Treat request IDs as part of your application log schema, not as optional debug detail. Store meta.request_id for successful market-data pulls, replay setup, failed attempts, and long-running scripts when an envelope exposes it. When a route returns a resource-specific body, such as auth failures or some data-quality endpoints, store the route path, parameters, returned status fields, and any request ID exposed by the response header or client wrapper. When a job spans pagination windows, keep the request ID per page instead of only storing the final one. For coding agents and generated clients, expose the request ID on the returned object or exception. A retry wrapper that hides the original response body makes production failures harder to diagnose. If the final retry succeeds, keep both the successful request ID and the failed attempt IDs in trace logs.

Support Context

When a failure needs help outside the client, include the packet above plus the account context and affected workflow.

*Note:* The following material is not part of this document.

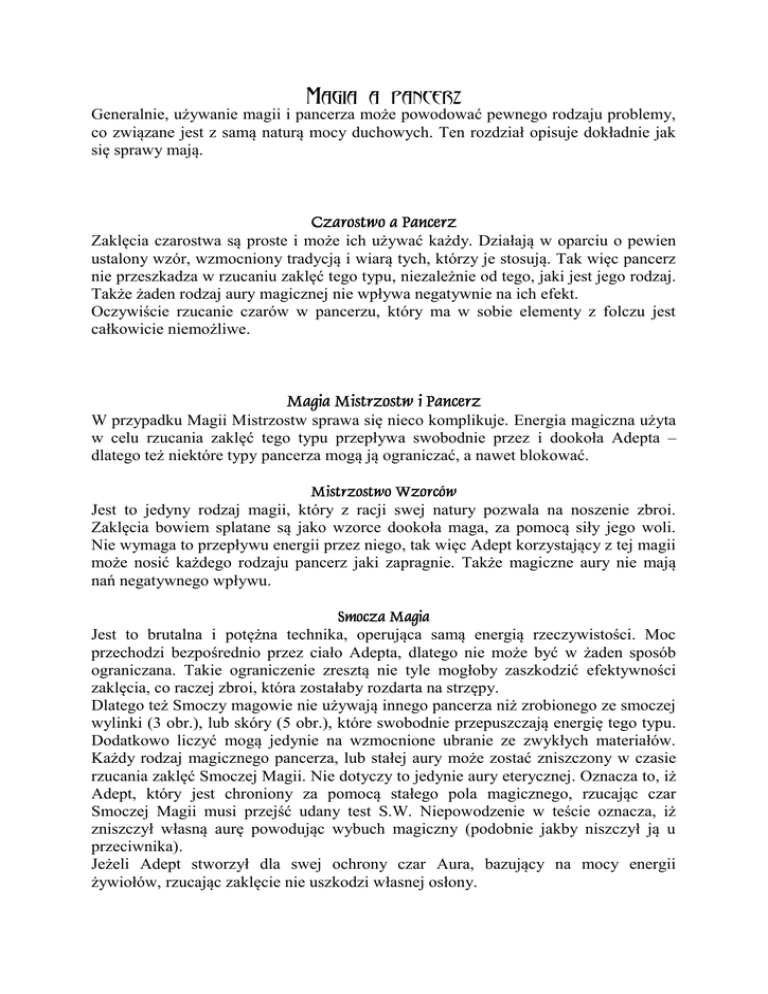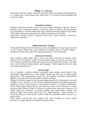 Magia a pancerz Generalnie, używanie magii i pancerza może powodować pewnego rodzaju problemy, co związane jest z samą naturą mocy duchowych. Ten rozdział opisuje dokładnie jak się sprawy mają. Zaklęcia czarostwa są proste i może ich używać każdy. Działają w oparciu o pewien ustalony wzór, wzmocniony tradycją i wiarą tych, którzy je stosują. Tak więc pancerz nie przeszkadza w rzucaniu zaklęć tego typu, niezależnie od tego, jaki jest jego rodzaj. Także żaden rodzaj aury magicznej nie wpływa negatywnie na ich efekt. Oczywiście rzucanie czarów w pancerzu, który ma w sobie elementy z folczu jest całkowicie niemożliwe. W przypadku Magii Mistrzostw sprawa się nieco komplikuje. Energia magiczna użyta w celu rzucania zaklęć tego typu przepływa swobodnie przez i dookoła Adepta – dlatego też niektóre typy pancerza mogą ją ograniczać, a nawet blokować. Jest to jedyny rodzaj magii, który z racji swej natury pozwala na noszenie zbroi. Zaklęcia bowiem splatane są jako wzorce dookoła maga, za pomocą siły jego woli. Nie wymaga to przepływu energii przez niego, tak więc Adept korzystający z tej magii może nosić każdego rodzaju pancerz jaki zapragnie. Także magiczne aury nie mają nań negatywnego wpływu. Jest to brutalna i potężna technika, operująca samą energią rzeczywistości. Moc przechodzi bezpośrednio przez ciało Adepta, dlatego nie może być w żaden sposób ograniczana. Takie ograniczenie zresztą nie tyle mogłoby zaszkodzić efektywności zaklęcia, co raczej zbroi, która zostałaby rozdarta na strzępy. Dlatego też Smoczy magowie nie używają innego pancerza niż zrobionego ze smoczej wylinki (3 obr.), lub skóry (5 obr.), które swobodnie przepuszczają energię tego typu. Dodatkowo liczyć mogą jedynie na wzmocnione ubranie ze zwykłych materiałów. Każdy rodzaj magicznego pancerza, lub stałej aury może zostać zniszczony w czasie rzucania zaklęć Smoczej Magii. Nie dotyczy to jedynie aury eterycznej. Oznacza to, iż Adept, który jest chroniony za pomocą stałego pola magicznego, rzucając czar Smoczej Magii musi przejść udany test S.W. Niepowodzenie w teście oznacza, iż zniszczył własną aurę powodując wybuch magiczny (podobnie jakby niszczył ją u przeciwnika). Jeżeli Adept stworzył dla swej ochrony czar Aura, bazujący na mocy energii żywiołów, rzucając zaklęcie nie uszkodzi własnej osłony. ł ą Także i ta technika magii wymaga tego, aby nie ograniczać przepływu energii. Choć ograniczenie to tutaj osłabiałoby znacznie siłę zaklęcia, co powoduje wzrost jego kosztu. Pancerz wszelkiego rodzaju wywołuje wiec ten efekt, iż rzucający czar Adept musi wydać dodatkowo tyle punktów Energii ile obrony liczy jego najmocniejsza zbroja. Magowie wiec korzystają z niej raczej niechętnie i wolą wzmocnione ubranie oraz aury i pancerze magiczne. Albowiem tego typu ochrona nie koliduje z ich sposobem rzucania czarów i nie utrudnia go. Sztuka ta wpływa na byty poza Adeptem, wydawałoby się więc, iż pancerz nie przeszkadza w niej. Niestety, metale mają moc wiązania energii duchowej i utrudniania jej przepływu. Są także uważane przez wiele bytów duchowych za nienaturalne i budzą ich niechęć. Dlatego też szamani, druidzi i inni zaklinacze duchów, zwykle odziewają się jedynie w pancerze ze skór lub kości. Założenie na siebie zbroi metalowej zupełnie bowiem uniemożliwia korzystanie z zaklęć tego rodzaju. ś Niemagiczny pancerz nie ma żadnego wpływu na Zdolności Astralne, które użytkowane są w Świecie Snów. W czasie OoBE taka zbroja nie pojawia się na Adepcie, a więc nie ogranicza go. Jednakże, gdy pragnie on używać swych zdolności w Świecie Materialnym, lub też odziany w zbroję magiczną rzuca czary w astralu – podlega podobnym ograniczeniom jak w przypadku Władania Energią – tzn. obrona pancerza zwiększa koszt energetyczny rzucanych przez niego zaklęć. Zasada ta jednak nie stosuje się do zbroi powstałych przy pomocy czaru Marzenie, ani do zbroi srebrnych. Może on użytkować je normalnie. Także żaden rodzaj aury ochronnej nie ma negatywnego wpływu na jego zaklęcia. ł ń Moc kapłanów działa, dzięki błogosławieństwu boskiemu. Oznacza to, iż kapłani mogą nosić taki rodzaj zbroi, jaki podoba się ich Bogu. Bogowie Wojny zezwalają na noszenie każdego rodzaju pancerza (także metalowego). Bogowie Opiekuńczy jedynie pancerzy niemetalowych. Bogowie Mistyczni zaś są przeciwni ograniczaniu przepływu energii, ich wyznawcy mogą nosić jedynie wzmacniane szaty ze zwykłego materiału. Oczywiście wszelkiego rodzaju aury ochronne nie obniżają efektywności magii kapłańskiej.
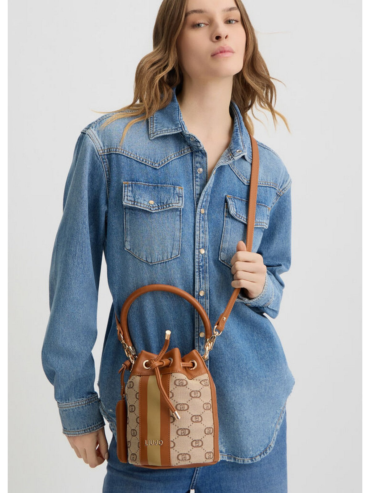 Borsa a secchiello LIU JO in tessuto jacquard con dettagli in PU

Do not include the API key. For data-quality issues, add the observed timestamp, expected freshness tolerance, and whether the affected route feeds a backtest, alert, dashboard, export, or model input.

Client Behavior By Class

Validation errors should fail fast. Auth errors should stop the job and point to the key source. Rate limits should honor Retry-After when present, otherwise back off with jitter, reduce concurrency, and preserve every request ID. Upstream or server errors can retry, but only within a bounded budget. Symbol and namespace errors should route back to Venue Coverage, because many apparent 404s are actually market-family mistakes.